These remembrances were prompted by blogger Dale Roe, to pay tribute to the nearly 3,000 innocent people who were murdered by terrorists eight years ago today. I volunteered to write one, then saw that many more needed to be covered, and asked for seven more, for a total of eight—one for each year.

It wasn’t easy. These people weren’t special—or, rather, they all were. The eight, my eight, deserved their posthumous fifteen minutes of fame, and I had to see they got them.

I called these portraits “remembrances” earlier, but truthfully there’s nothing for me to remember: I didn’t know them; some I could barely relate to. But I feel came to know all of them. Through small details in their life stories, through remembrances of loved ones, through the depth and breadth of the influence they had on people they barely knew (or, like me, didn’t know at all). It would be unseemly to declare a favorite, but I can’t help smiling warmly at the thought of my first portrait, Curt (the flirt) Noel: wassup, yo!
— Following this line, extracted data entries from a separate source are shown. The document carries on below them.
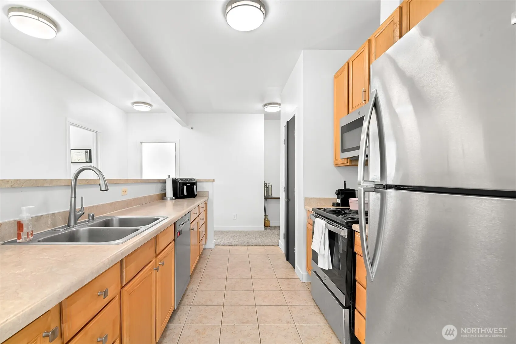 Spacious and light-filled single-level condo perfectly situated on the second floor! This inviting home features an open-concept layout with 3 generous bedrooms and 2 full baths. The kitchen shines with stainless steel appliances and ample counter space, flowing seamlessly into the dining and living areas—ideal for everyday living or entertaining. Step out to your private balcony to enjoy morning coffee or evening sunsets. The roomy primary suite includes an ensuite bath for added comfort. Conveniently located near shopping, restaurants, parks, and amenities, this condo offers easy living in a prime location!
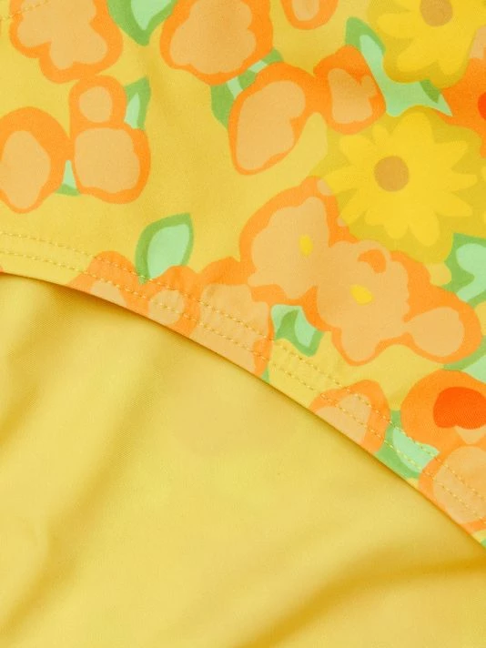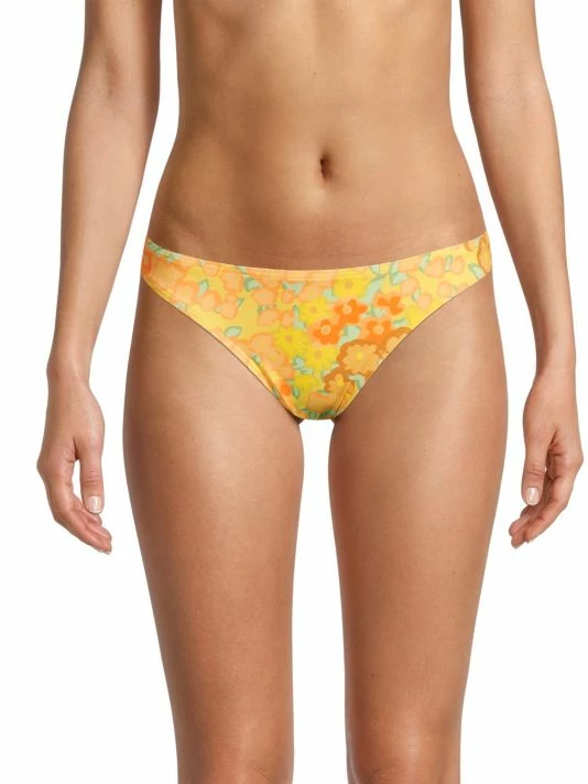 This hipster bikini bottom by Tory Burch is adorned with a floral motif. It sits low and straight across the hips.
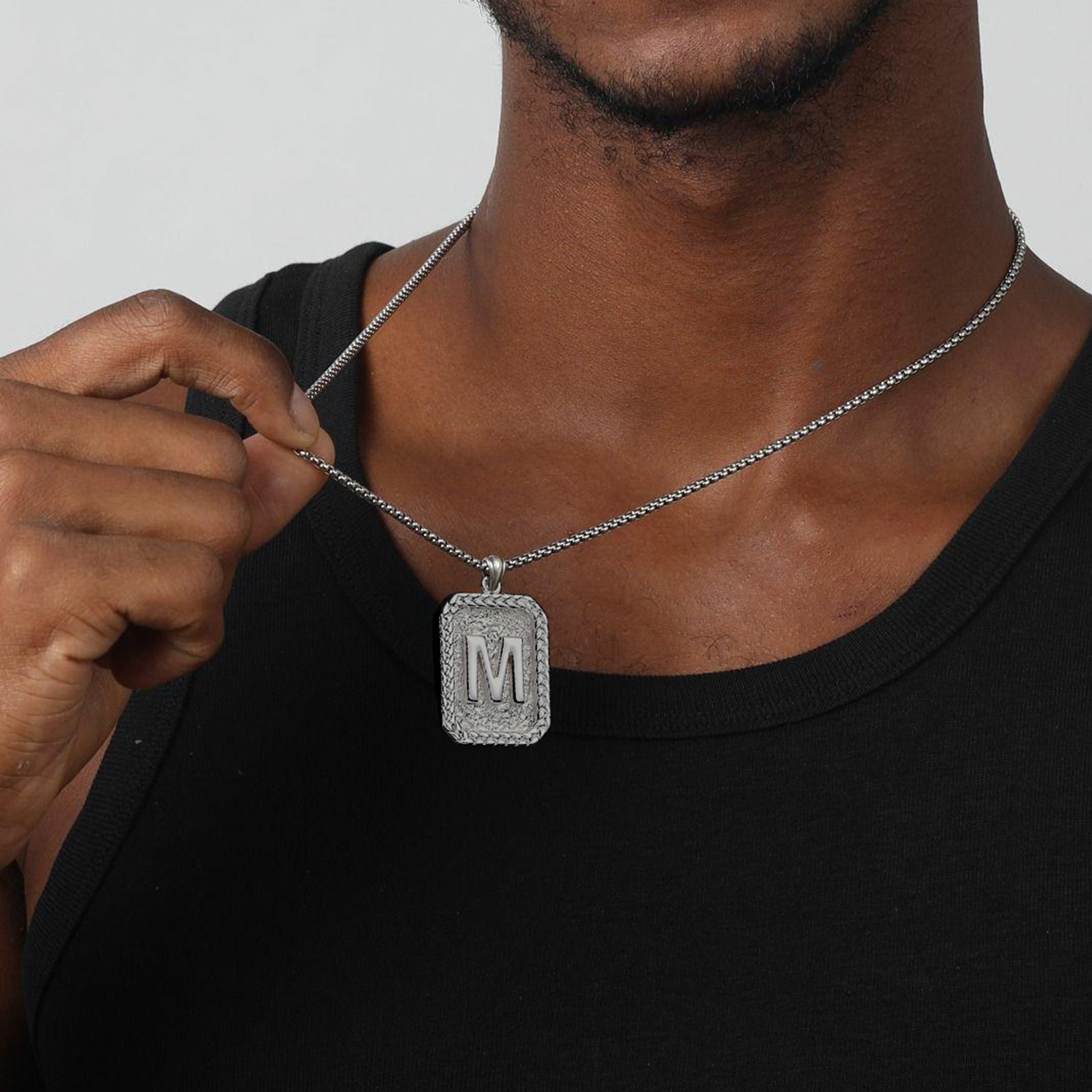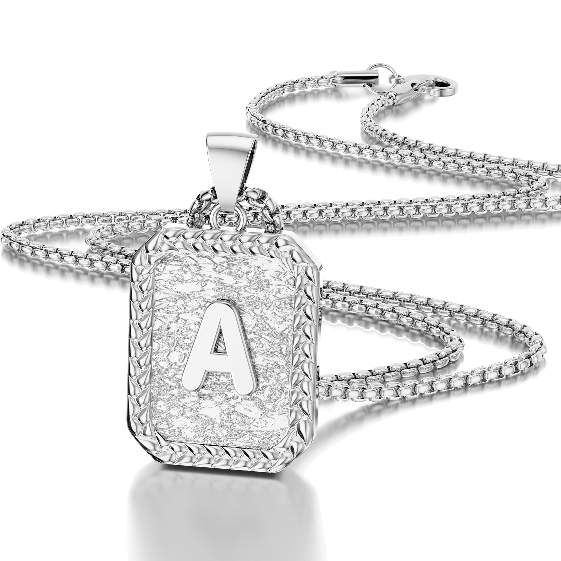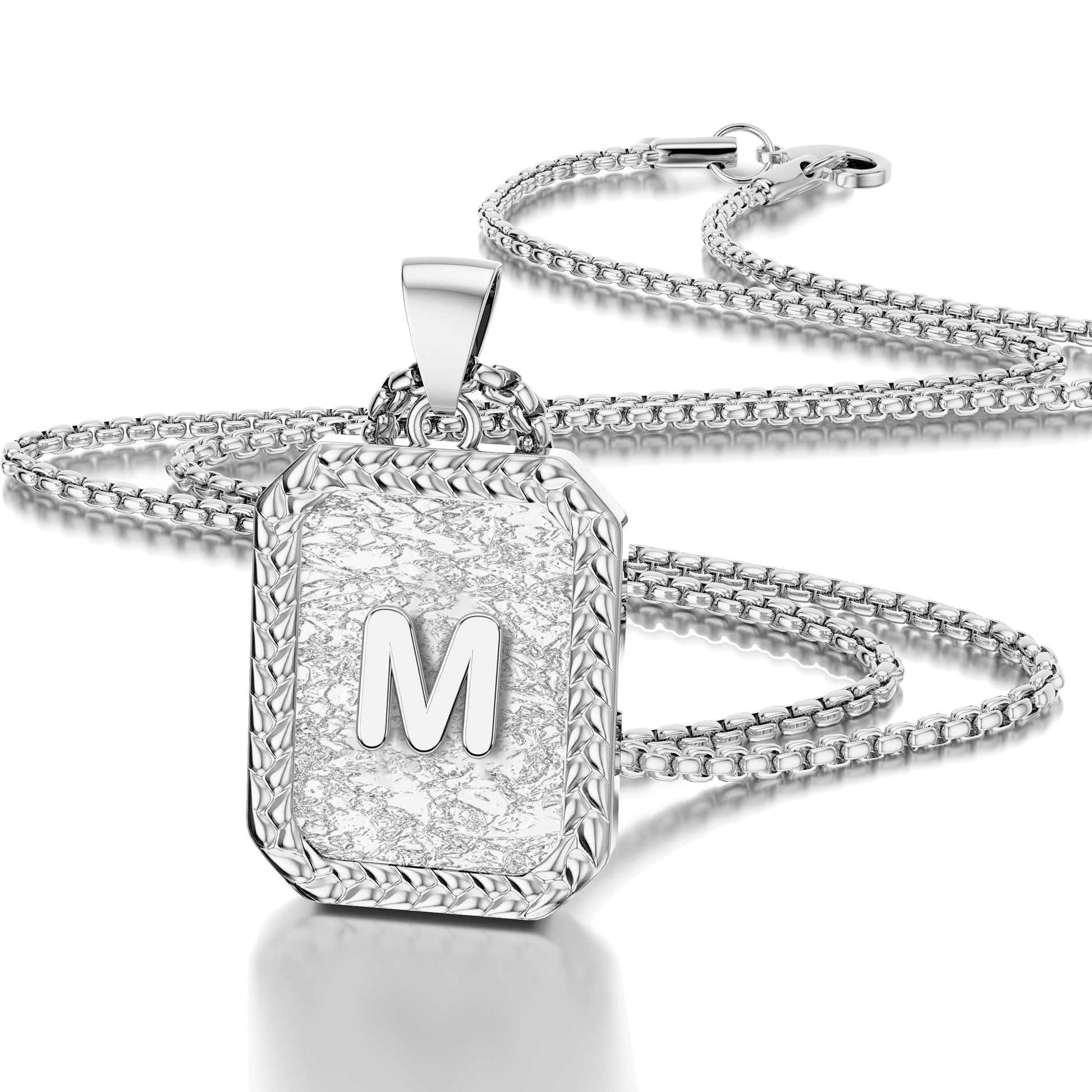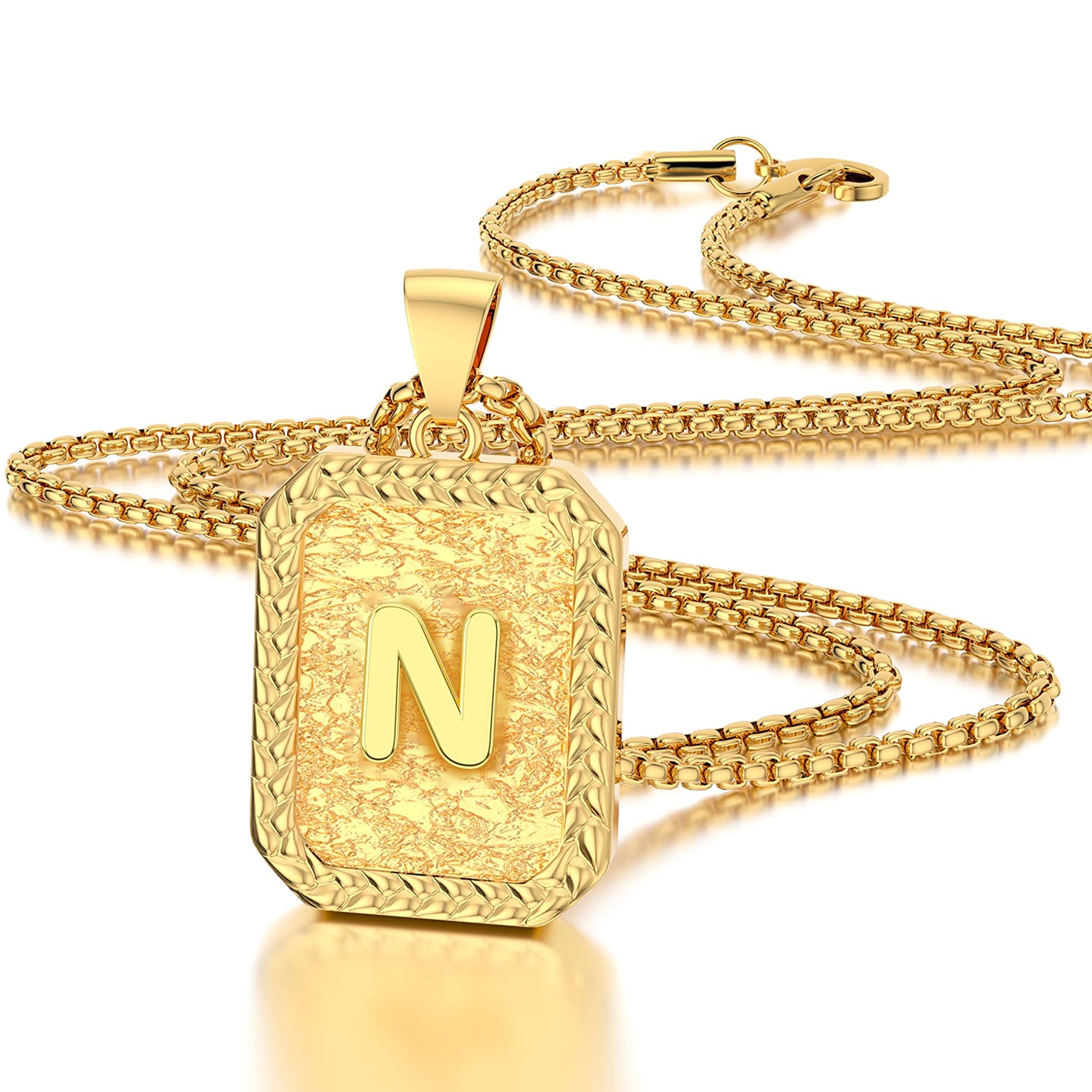 [Size and Material] Box Chain Length: 50.8 centimeters, Width: 2.5 millimeters, Letter Pendant Size: 0.91 inches * 0.71 inches. Men's letter necklace is lead-free and nickel free. The initial necklace is safe and comfortable, non irritating to sensitive skin, and the smooth surface can effectively protect your skin.

Dale assigned a cross section of the extraordinary population of 9/11: WTC, Pentagon, UA, AA, black, white, male, female, straight, gay, old, young. They were Americans all.

I present them in the order I wrote them. I have no expectations for how these will be received, except for one. I hope the love with which these people were held by those who knew them comes through. That’s all I want, and I want it for them. It’s all any of us could really want.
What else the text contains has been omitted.